The input data set is first reduced from the gene x sample space to
the reduced diagonalized eigenfeature x eigenassay space.

<<yeast_compute_eigensystem_data>>=
eigensystem <- compute(YeastData)
@ 

The eigenfeatures and eigenassays can subsequently be inspected based on the graphs generated with
\tt plot\rm. Up to 5 figures are displayed (\tt fig=TRUE\rm) or saved
as a pdf file (default \tt fig=FALSE\rm), using the \tt plots \rm argument as follows:
\begin{itemize}
\item {\bf fraction}: bar plot with the eigenexpression fractions of all eigenfeatures
\item {\bf zoomedFraction}: bar plot with the eigenexpression fractions of the eigenfeatures
after removal of the dominant eigenfeature(s)
\item {\bf heatmap}: heatmap of the eigenfeature x assay matrix with use of
  a given contrast factor
\item {\bf lines}: expression/intensity levels of eigenfeatures 1 to 4
  across the assays
\item {\bf allLines}: expression/intensity levels of all eigenfeatures
  across the assays
\end{itemize}

For this example, the bar plot with all eigenfeatures (\tt fraction\rm), the expression
levels of all eigenfeatures across the samples (\tt allLines\rm), and the heatmap of the
eigenfeature x assay matrix (\tt heatmap\rm) are generated, with {\it
YeastData} as prefix for visualization purpose.

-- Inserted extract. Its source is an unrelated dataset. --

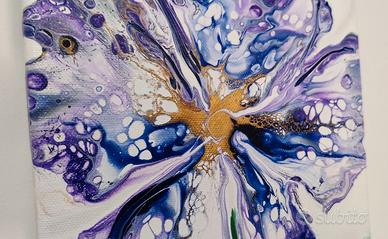 Quadro moderno astratto, dipinto a mano, unico ed originale con la recentissima tecnica della fluid art, dove le campiture di colore scorrono fluide e organiche. Un processo creativo in cui il colore è fluido e scorre, divenendo il mezzo per raggiungere dei risultati visivi che diversamente non sarebbero possibili. Prendono vita sulle due tele dei fiori astratti con sfumature di viola, blu e dorato che si mescolano sul fondo bianco.

The bar
plot shows that the first eigenfeature captures 89\% of the overall
relative expression in the experiment. The entropy of the data set is
therefore low (0.18 $\ll$ 1). The expression level of the first
eigenfeature across the samples as displayed in the \tt allLines \rm
graph shows a time-invariant relative expression during the cell
cycle. The low entropy in combination with the steady-state expression
captured in the first eigenfeature suggests that the underlying
processes are manifested by weak perturbations of a steady state of
expression. The second eigenfeature
describes an initial transient increase in relative expression
superimposed over time-invariant relative expression, and is therefore
inferred to represent response to synchronization in the cell
cycle. Inspecting the remaining eigenfeature patterns across the samples
reveals that eigenfeature 8 and 10 to 18 all show rapidly varying
relative expression during the cell cycle. They can therefore be
considered as noise. The heatmap of the eigenfeatures by samples
reveals the same information, with a clear constant expression for
eigenfeature 1.

<<yeast_plot_eigensystem_data_fraction, fig=TRUE>>=
plot(eigensystem, plots="fraction", figure=TRUE)
fractions(eigensystem)[[1]]
@ 

<<yeast_plot_eigensystem_data_lines, fig=TRUE>>=
plot(eigensystem, plots="allLines", figure=TRUE)
@ 

<<yeast_plot_eigensystem_data_heatmap, fig=TRUE>>=
plot(eigensystem, plots="heatmap", figure=TRUE, prefix="YeastData")
@ 

We now use \tt exclude \rm to filter out steady-state
expression captured by eigenfeature 1, an experimental artifact
captured by eigenfeature 2 (i.e. initial response to synchronization
in the cell cycle), and noise captured by eigenfeatures 8 and 10 to 18.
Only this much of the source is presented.